# [DATA TO USE]
# # # # #
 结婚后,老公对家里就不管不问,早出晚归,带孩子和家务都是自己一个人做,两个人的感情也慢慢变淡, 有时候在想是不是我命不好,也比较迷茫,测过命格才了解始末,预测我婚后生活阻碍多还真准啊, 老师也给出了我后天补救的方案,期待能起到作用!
# # # # #
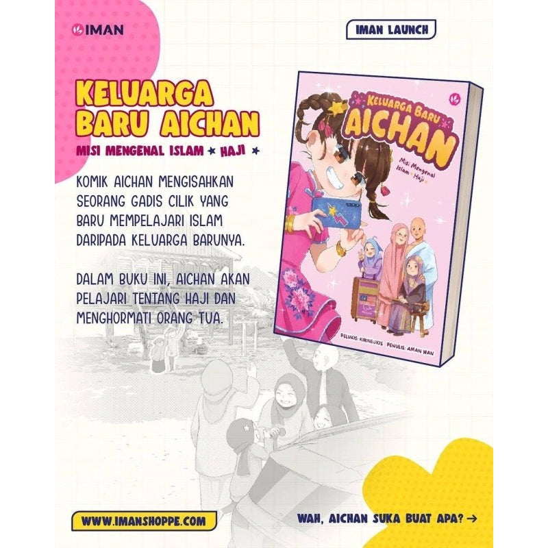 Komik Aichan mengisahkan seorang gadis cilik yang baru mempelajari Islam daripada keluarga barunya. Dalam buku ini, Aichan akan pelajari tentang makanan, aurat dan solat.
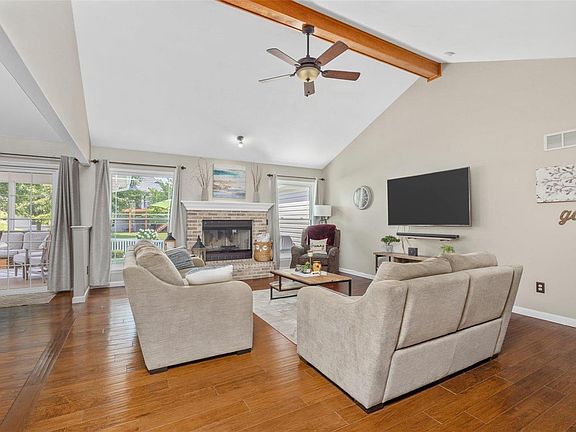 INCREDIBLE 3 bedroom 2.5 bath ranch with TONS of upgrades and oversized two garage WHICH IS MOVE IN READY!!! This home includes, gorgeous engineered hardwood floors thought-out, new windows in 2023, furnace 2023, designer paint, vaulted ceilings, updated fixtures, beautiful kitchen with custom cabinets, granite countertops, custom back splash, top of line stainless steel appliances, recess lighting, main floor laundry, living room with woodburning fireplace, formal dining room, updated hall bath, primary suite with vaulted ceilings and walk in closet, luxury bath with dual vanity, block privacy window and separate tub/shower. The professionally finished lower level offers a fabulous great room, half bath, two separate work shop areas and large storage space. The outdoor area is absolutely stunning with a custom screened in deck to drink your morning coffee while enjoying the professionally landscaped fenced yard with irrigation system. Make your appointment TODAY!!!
# # # # #
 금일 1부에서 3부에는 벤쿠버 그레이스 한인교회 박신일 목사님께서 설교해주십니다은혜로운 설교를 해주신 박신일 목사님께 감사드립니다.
# # # # #
# [WHAT TO DO]
Pictures aside, return exactly the lines from the data above, starting at the line that has "Komik Aichan mengisahkan" and ending at the line that has "INCREDIBLE 3 bedroom", both included.

# [YOUR RESPONSE]
 Komik Aichan mengisahkan seorang gadis cilik yang baru mempelajari Islam daripada keluarga barunya. Dalam buku ini, Aichan akan pelajari tentang makanan, aurat dan solat.
 INCREDIBLE 3 bedroom 2.5 bath ranch with TONS of upgrades and oversized two garage WHICH IS MOVE IN READY!!! This home includes, gorgeous engineered hardwood floors thought-out, new windows in 2023, furnace 2023, designer paint, vaulted ceilings, updated fixtures, beautiful kitchen with custom cabinets, granite countertops, custom back splash, top of line stainless steel appliances, recess lighting, main floor laundry, living room with woodburning fireplace, formal dining room, updated hall bath, primary suite with vaulted ceilings and walk in closet, luxury bath with dual vanity, block privacy window and separate tub/shower. The professionally finished lower level offers a fabulous great room, half bath, two separate work shop areas and large storage space. The outdoor area is absolutely stunning with a custom screened in deck to drink your morning coffee while enjoying the professionally landscaped fenced yard with irrigation system. Make your appointment TODAY!!!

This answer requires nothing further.